Dessie married Columbus Morrison in 1891 and they had four children: Dessie, Paul, Waverly, and Worth. Her husband was from North Carolina and by 1900 the couple was living in Wilkes County. Columbus was a hardware merchant in Wilkesboro and in 1905 was appointed to serve as a county magistrate.

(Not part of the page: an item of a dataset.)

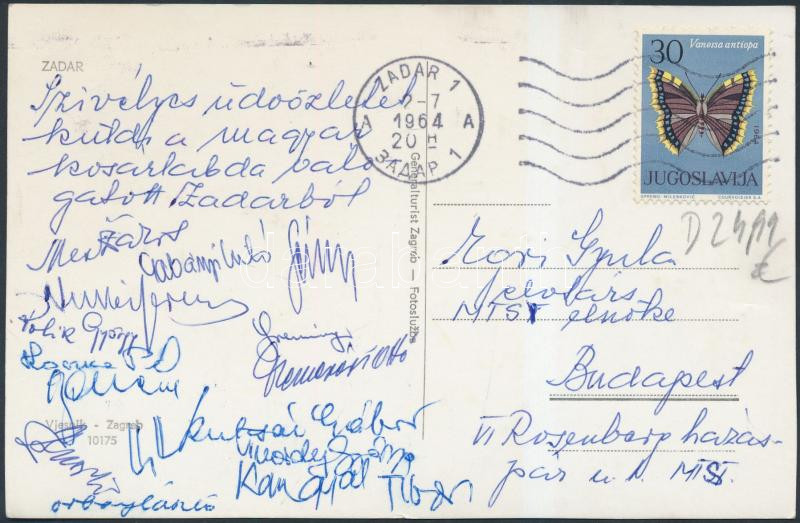 Leírás: 1964 Magyar Kosárlabda válogatott csapat aláírása, többek között:Kulcsár, Kangyal, Polik, Gabányi, és sokan mások

By 1910, Dessie’s mother Alice was living with them, and they employed a cook named Allie Reynolds. Both Worth and Waverly worked in the hardware business. Their oldest son Paul became a civil engineer in the U.S. Navy, but he died of unknown causes in 1931. A year later, Columbus also passed away. In December of 1935, Dessie Morrison moved to Columbia, SC to live with her daughter and she passed away just four months later. Two weeks after Morrison died, her youngest son, Worth, died of “acute alcoholism and bronchitis.”
Crazy Quilt
Dessie Corrie Lee Morrison (1871-1936)
Wilkes County, NC
1901
Dessie Corrie Lee Morrison Jones (1892-1979)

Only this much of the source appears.